À la fin des années 1990, la Pierre Angulaire, une coopérative agroculturelle à Saint-Élie-de-Caxton, accueille les premiers passages sur scène du futur conteur, qui présente alors les artistes avant leur spectacle : « C’est là que j’ai eu accès à une scène et un micro pour la première fois. Parfois, l’artiste demandait un p’tit dix minutes de plus pour se préparer, alors j’en profitais pour raconter une histoire. C’est comme ça que s’est dessinée l’affaire du conte, sans même que je sache où ça irait plus tard. Il n’y avait pas encore l’acte assumé de dire : “Je suis conteur”.»
Profession : conteux
« Après ça, il y a eu des enseignants et des bibliothécaires qui m’invitaient à aller raconter des histoires », se rappelle celui qui compte à ce jour plus de 2 500 représentations professionnelles au sein de la francophonie mondiale. De fil en aiguille, il commence à recevoir des invitations pour participer à des festivals un peu partout au Québec et en Europe, il se fait connaître davantage et se retrouve dans des salles plus prestigieuses. Ensuite vinrent de multiples événements qui propulsèrent sa carrière : son premier passage à Tout le monde en parle en 2005, des livres, d’autres spectacles au Québec et en Europe, son premier album solo intitulé Silence, l’adaptation au cinéma de ses contes par Luc Picard avec le film Babine, quatre Félix, un conte de Noël présenté avec l’Orchestre symphonique de Montréal à la Place des Arts…
La responsabilité sociale
Mais avec la popularité viennent aussi certaines responsabilités. Chez Fred Pellerin, on l’a constaté lors de sa prise de parole à l’occasion de la Fête nationale en 2011, à travers son vibrant hommage à Gilles Vigneault dans le cadre du gala de l’ADISQ, ou encore le 22 avril 2012, Jour de la Terre, pour appuyer la défense du bien commun et le partage de la richesse.

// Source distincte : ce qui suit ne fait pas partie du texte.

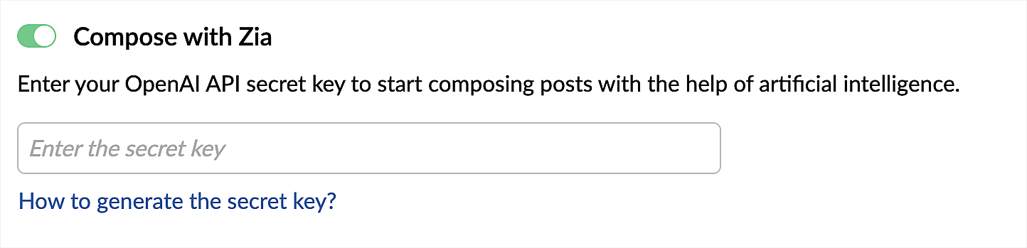 現在、組織で設定可能なシークレットキーは1件のみです。 Ziaによる投稿内容の提案機能を通じて投稿を公開するには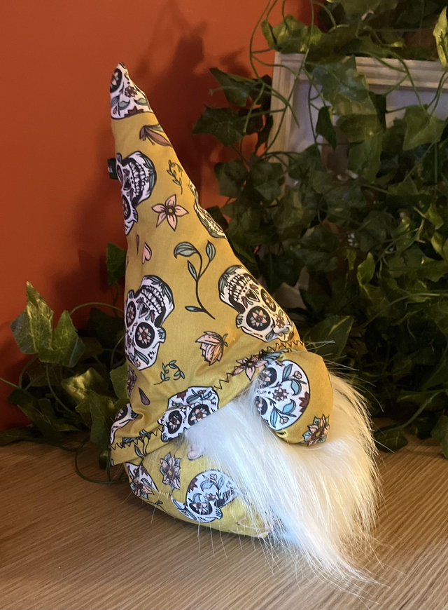 Tout vêtu en tissu oeko-tex imprimé "calavera" sur un fond jaune et sa barbe en fausse fourrure blanche.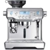 The incredible Breville Oracle brings a fully automatic process to the tedious and particular work of brewing espresso. Its built-in grinder automatically grinds to the perfect doses and tampers the portafilter with precision. At the heart of the machine are two dual boilers for simultaneous espresso extraction and milk, both with ideal temperature settings for each even under continuous usage.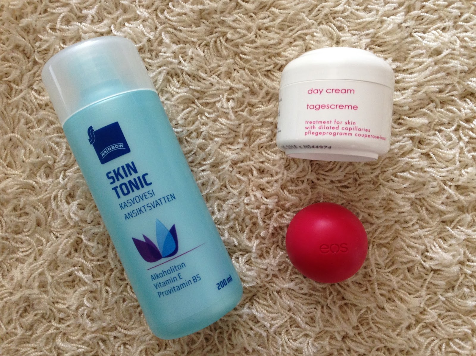 Aamuisin ennen meikin tekoa pyyhin kasvot kasvovedellä ja laitan päivävoiteen kasvoille ja huulille huulirasvaa. Suosin usein halpistuotteita ja oon käyttänyt tuota Rainbown kasvovettä jo ainakin vuoden, haha. Ajaa mun mielestä ihan hyvin asiansa enkä oo huomannut mitään eroa kalliimpiin tuotteisiin verrattuna. Päivävoiteena mulla on tällä hetkellä käytössä kouluaikana hankittu denova-pron päivävoide herkälle- ja couperosa-iholle. Varsinkin näin talvella poskipäät ja nenä punoittaa, niin tuo voide vähän häivyttää sitä. Annan rasvan imeytyä kasvoille hetken ennen kuin aloitan meikkaamisen.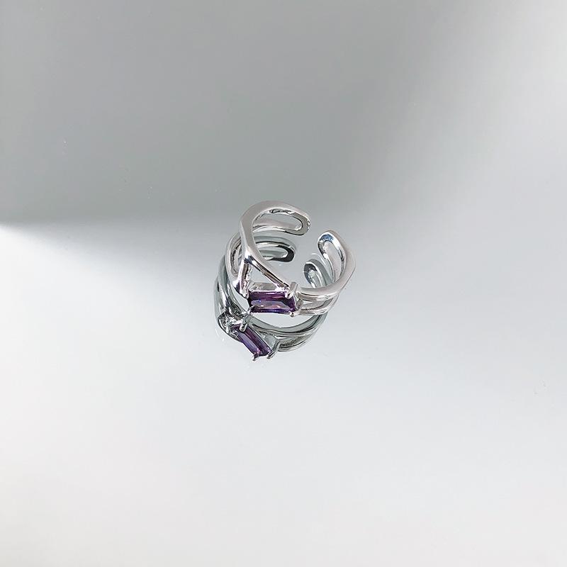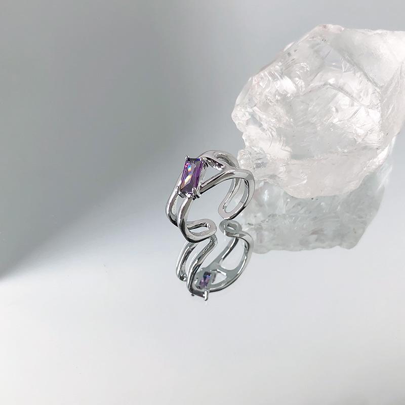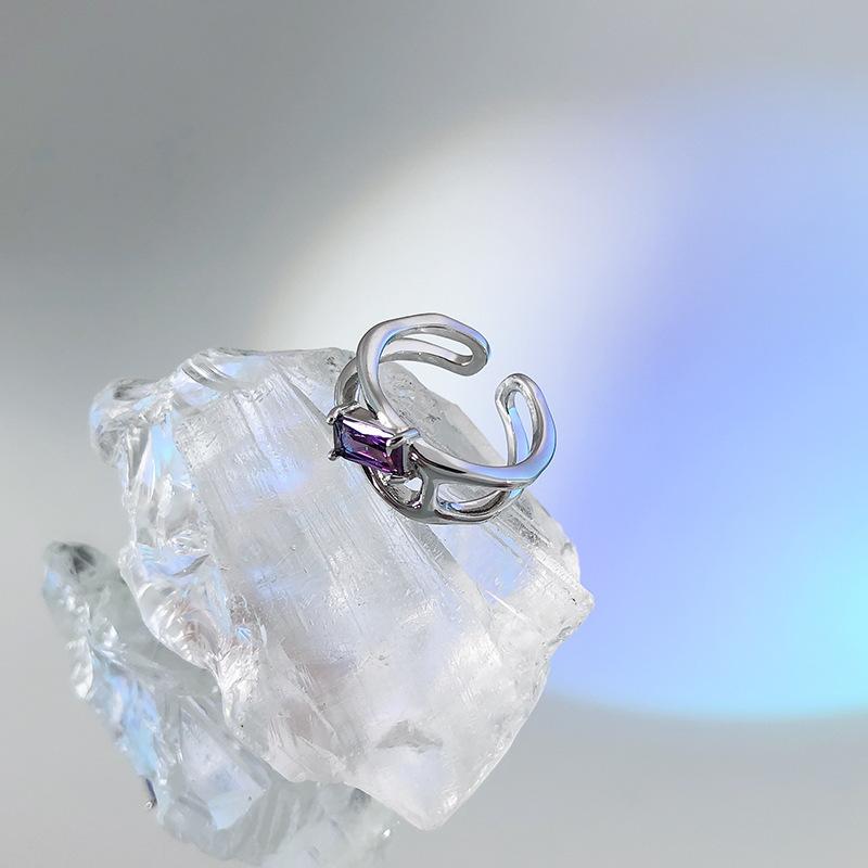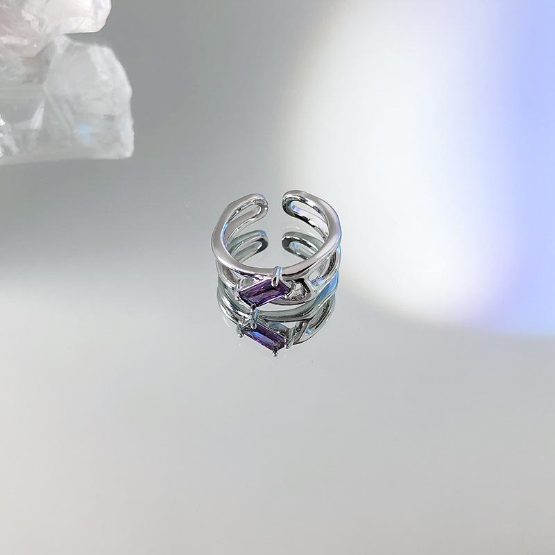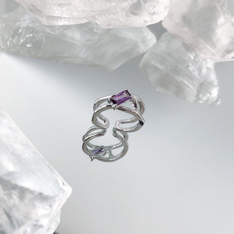 Anillo Geométrico de Doble Capa de Plata S925 Estilo Coreano para Mujer, Retro, Moda, Gema Púrpura, Anillo Abierto Elegante Hip-hop para Dedo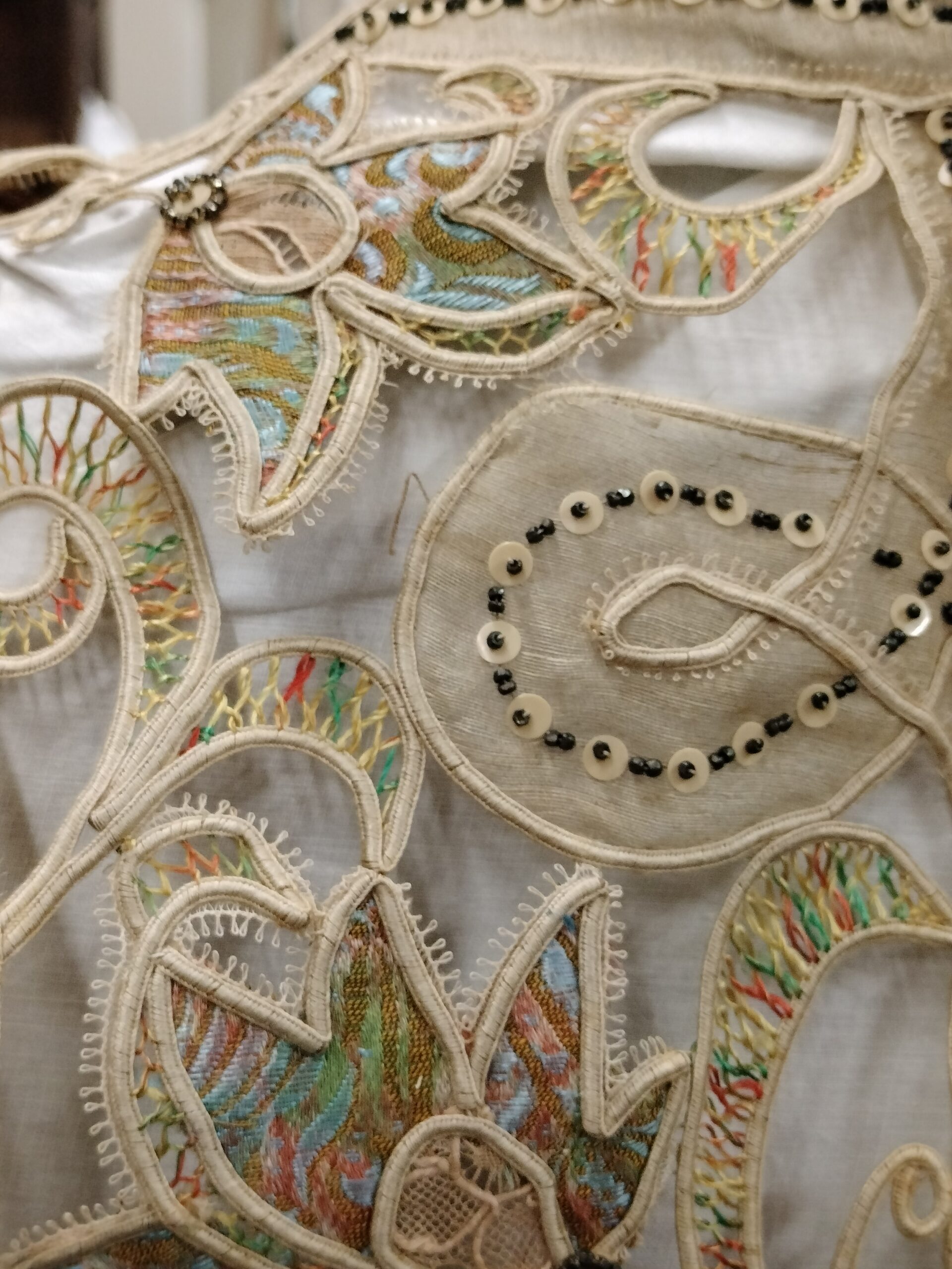 CHAQUETA O ARMILLA Y ABALORIOS. SEDA, GASA Y ENCAJE. ESPAÑA. SIGLO XIX.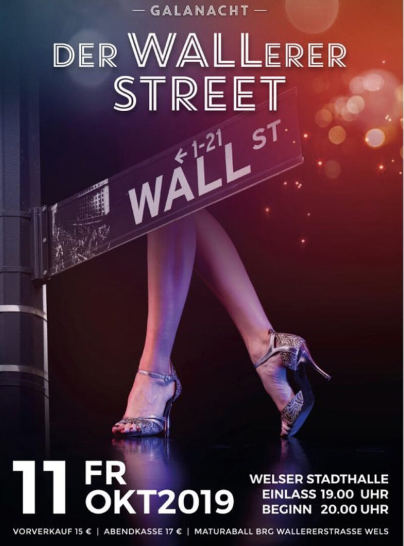 Am 11. Oktober 2019 war es soweit. Die 32 MaturantInnen des BRG Wels Wallerer durften ihren Maturaball unter dem Motto „WAllerer STREET“ in der Stadthalle Wels abhalten. Sie präsentierten den mehreren hunderten Gästen ihren perfektionierten und lang vorbereiteten Auftritt. Ergänzend gab es eine erstaunliche Turnchoreografie der 8. S, indem sie die mit der Zeit angelernten Turnfähigkeiten aufführten.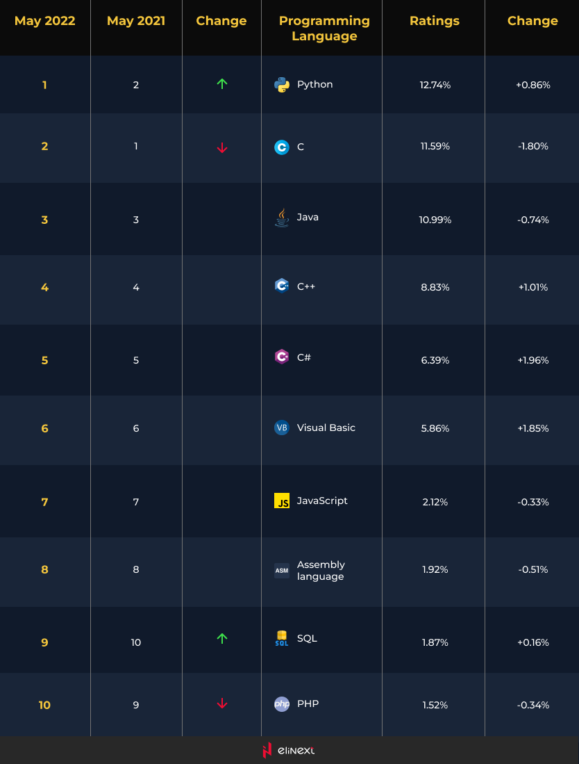 As of May 2022, the TIOBE Index ranks Python as the most popular programming language: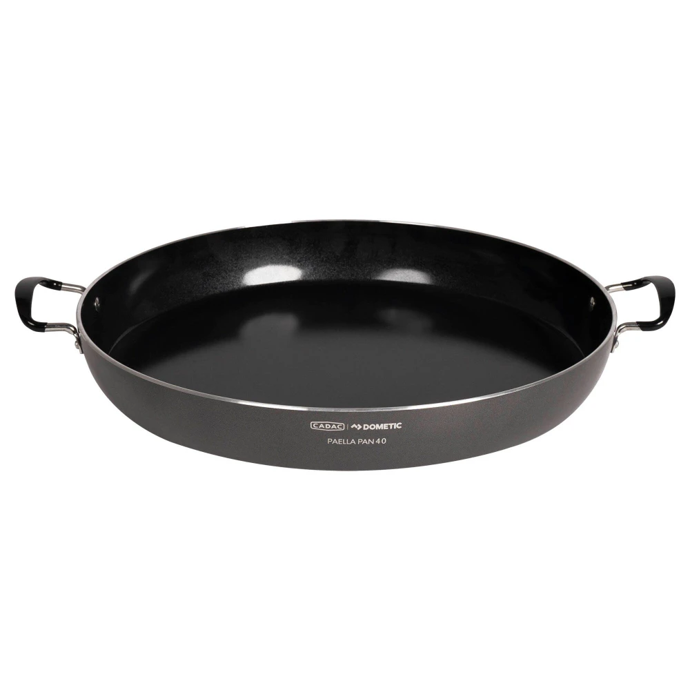 Die leichte Pfanne aus dickwandigem, keramikbeschichtetem Aluminium mit Edelstahl-Handgriffen ist einfach in der Handhabung und leicht zu reinigen. Die Unterseite der Pfanne hat eine stahlgefräste Fläche. Die große Kochfläche ist ideal für die Zubereitung von Risotto, Paella, Pasta-Gerichten, Frühstück und anderen Mahlzeiten für größere Gruppen.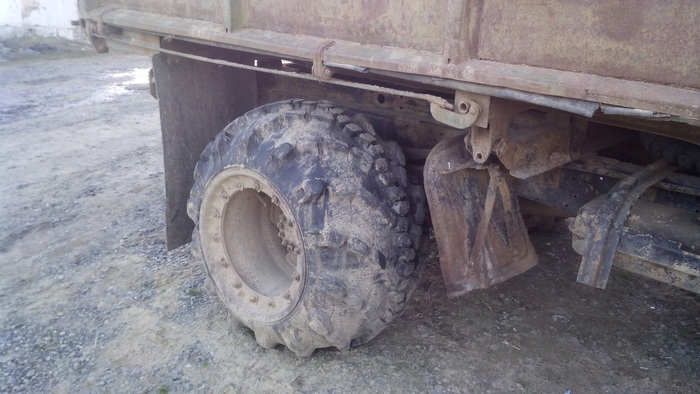 А еще совсем рядышком пожарная часть вот с таким вот замечательным ЗИЛом, в качестве задних колес у него мощнейшие болотоходы.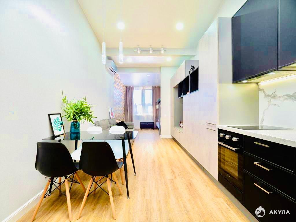 Дизайнерский ремонт, качественная мебель и техника. Панорамные окна открывают виды на горы и город.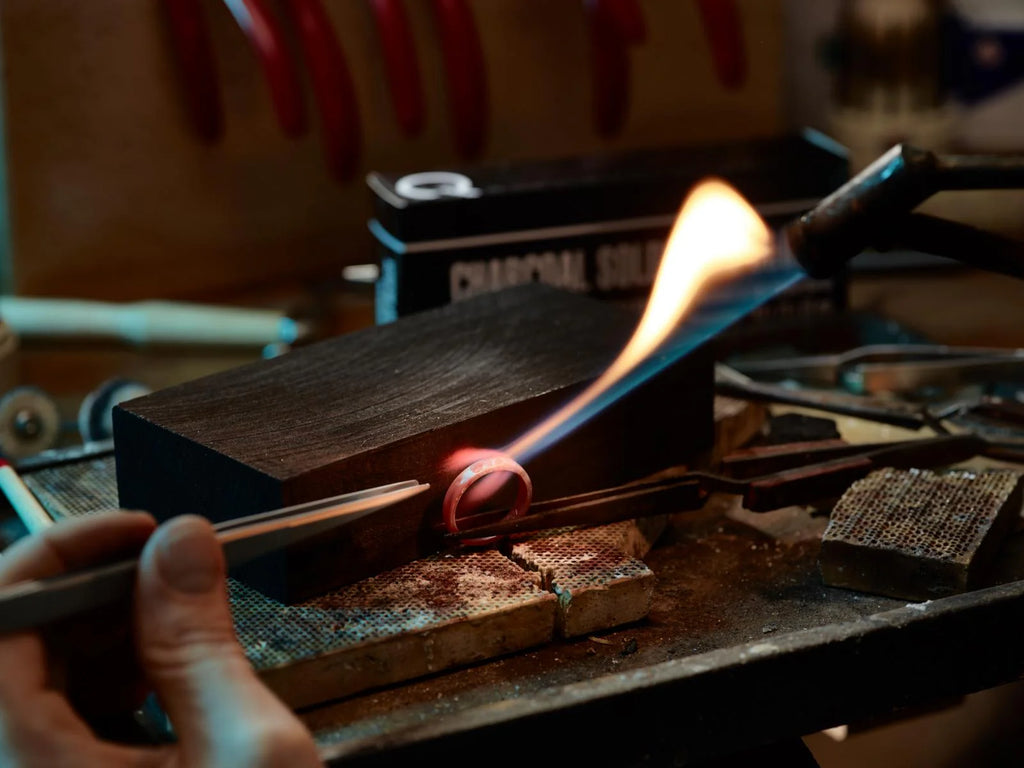 Soldering block made from pressed charcoal for goldsmith work. Because the block is made of pressed charcoal, it can retain heat for a longer period of time and has a longer lifespan.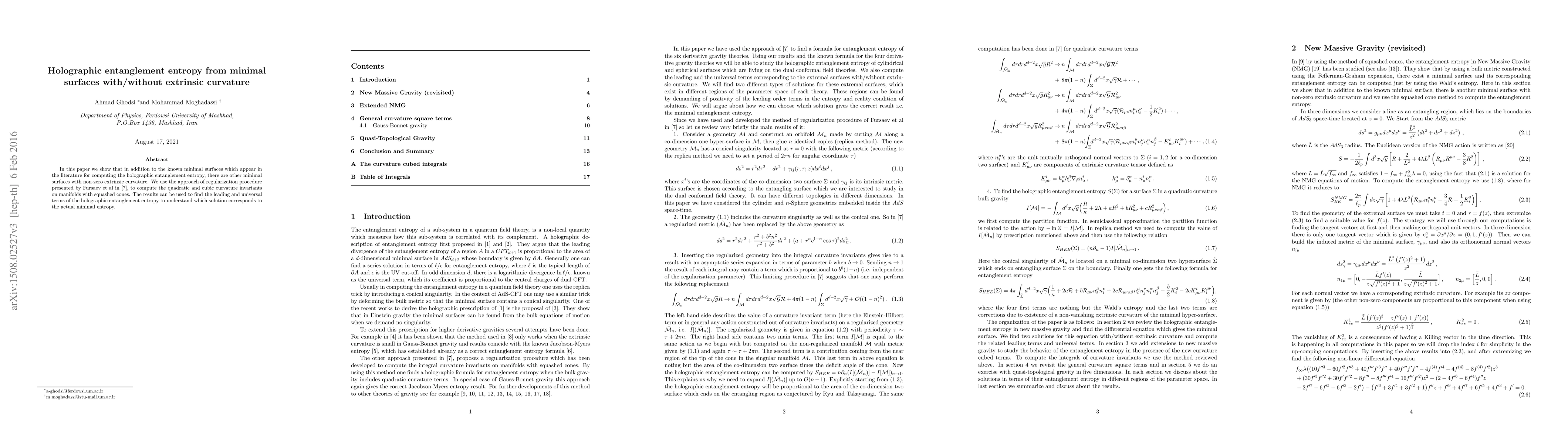 In this paper we show that in addition to the known minimal surfaces which appear in the literature for computing the entanglement entropy there are other minimal surfaces with non-zero extrinsic curvature. We use the approach of regularization procedure for computing the quadratic and cubic curvature invariants on manifolds with squashed cones. The results can be used to find the leading and universal terms of the holographic entanglement entropy to understand which solution corresponds to the actual minimal surface.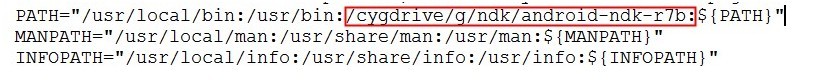 2、下載安裝Android NDK 如何下載和安裝Android NDk本文就不贅述了,下載地址為://developer.android.com/sdk/ndk/index.html 3、配置ndk的環境變量 把ndk的解壓的目(mu)(mu)錄配置到cygwin的環境變量里面,在cygwin的安裝目(mu)(mu)錄etc的目(mu)(mu)錄下(xia)有一個frofile文件(jian),把ndk的目(mu)(mu)錄加到path上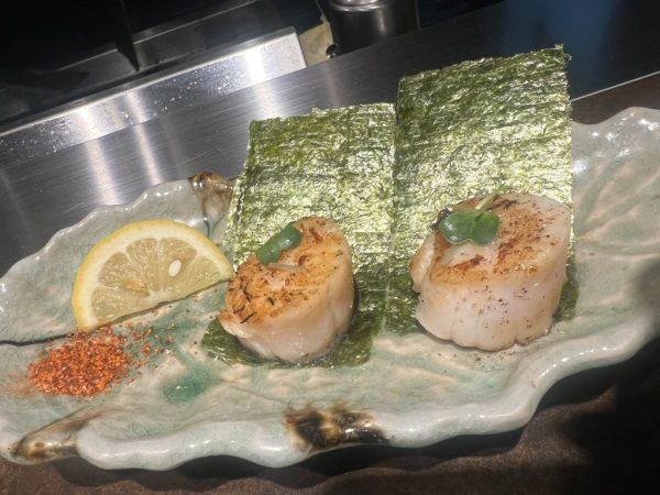 ぷりぷり新鮮なホタテを鉄板焼きでこんがりと。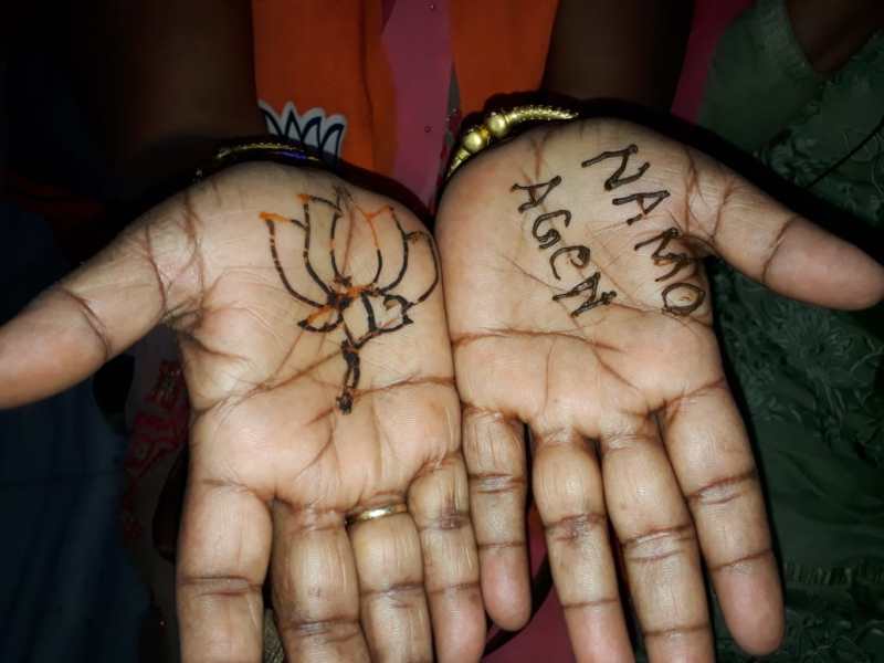 वाराणसी. राजनीतिक दल चुनाव में प्रचार करने का कोई भी मौका नहीं छोड़ते हैं। गुरुवार को पीएम नरेन्द्र मोदी के संसदीय क्षेत्र चुनाव प्रचार को लेकर अनोखा आयोजन किया गया। बीजेपी के महमूरंगज स्थित कार्यालय में कमल मेहंदी का आयोजन किया गया। महिलाओं ने मेहंदी से हाथ में कमल बनाया और नमो अगेन भी लिखवाया।

« En tant qu’artiste, mais surtout en tant que personnalité publique qui acquiert une certaine visibilité, je pense qu’il vient avec ça des responsabilités. C’est René-Richard Cyr qui disait : “Avoir le micro pis fermer sa gueule, c’est être complice”. Ça veut pas dire de parler tout le temps, d’être une grande gueule et de se sentir l’obligation d’avoir une opinion sur tout… Mais ça veut dire qu’il y a des moments où il faut que tu dises quelque chose parce que sinon t’es complice », soutient-il, en s’empressant toutefois de préciser : « En même temps, je fais attention de retrouver rapidement la métaphore du conte, parce que c’est là que je suis le plus confortable pour dire le mieux ce que je pense. »
De fait, le conte, dans sa définition, est à la fois une prise de parole et une métaphore sur le réel. « Et c’est sûr qu’il y a une forme d’engagement qui vient avec cela », assume Fred Pellerin. Ainsi, en plus de réinventer le genre littéraire du conte, celui-ci en vient à lier son art et ses convictions pour faire vibrer l’imaginaire de milliers de francophones.